JM Financial stays overweight on banks, realty, defence in India Model Portfolio

JM Financial’s latest India Model Portfolio presents a cautiously optimistic outlook, with overweight calls on sectors like banking, infrastructure, NBFCs, and metals

In its latest India Model Portfolio, JM Financial has taken an overweight stance on sectors such as banks, real estate, REITs & hotels, telecom, infrastructure, defence, oil & gas, NBFCs & AMCs, insurance, and metals. On the flip side, the brokerage remained underweight on internet-based businesses, utilities, cement, pharmaceuticals, and consumer sectors.

The firm anticipates loan growth to improve to 13% in FY26, aided by the unwinding of risk weights on bank lending to NBFCs and a potential uptick in unsecured lending beginning in Q3FY26. However, the estimate is capped at 13% due to continued weakness in corporate credit demand.

The brokerage is overweight on NBFCs as the anticipated interest rate cut was forecasted to benefit NBFCs and mid-sized banks, but the benefit to NBFCs and mid-sized banks was limited as asset end got re-priced downwards much faster than benefits from the cost of funds coming through.

JM Financial is particularly bullish on NBFCs, which were expected to benefit from an upcoming rate cut. But those gains were muted, as asset-side repricing happened faster than the pass-through of reduced funding costs, limiting margin improvement for NBFCs and mid-sized banks.

In the insurance segment, the brokerage expects 12–13% premium growth in FY26, although the first half of the fiscal year is likely to remain sluggish. Nevertheless, margin expansion is anticipated as higher-yielding fixed income products see increased traction.

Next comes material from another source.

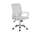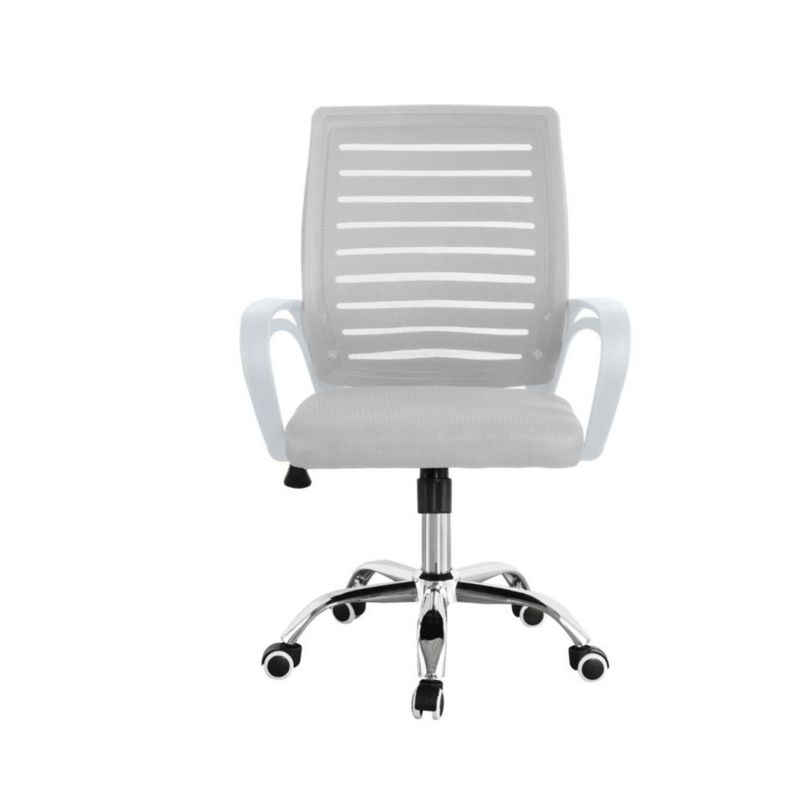 Silla de Oficina Giratoria Blanca y Gris con Altura Ajustable, Asiento Acolchado, Respaldo Reclinable y Estructura de Metal

From a valuation standpoint, midcaps appear the priciest on a FY26E P/E basis, with the Nifty Midcap 100 trading at 29.3x, followed by small caps at 25.2x, and large caps at a more modest 20.6x.

However, when assessed using the FY26E PEG ratio, the narrative flips: midcaps emerge as the cheapest (1.3x), followed by small caps (1.7x), while large caps turn out to be the most expensive (1.9x), the report noted.

JM analysts also highlighted that EPS downgrades in April were notably steeper than those seen in February, suggesting that the recent earnings season may have driven the downward revisions.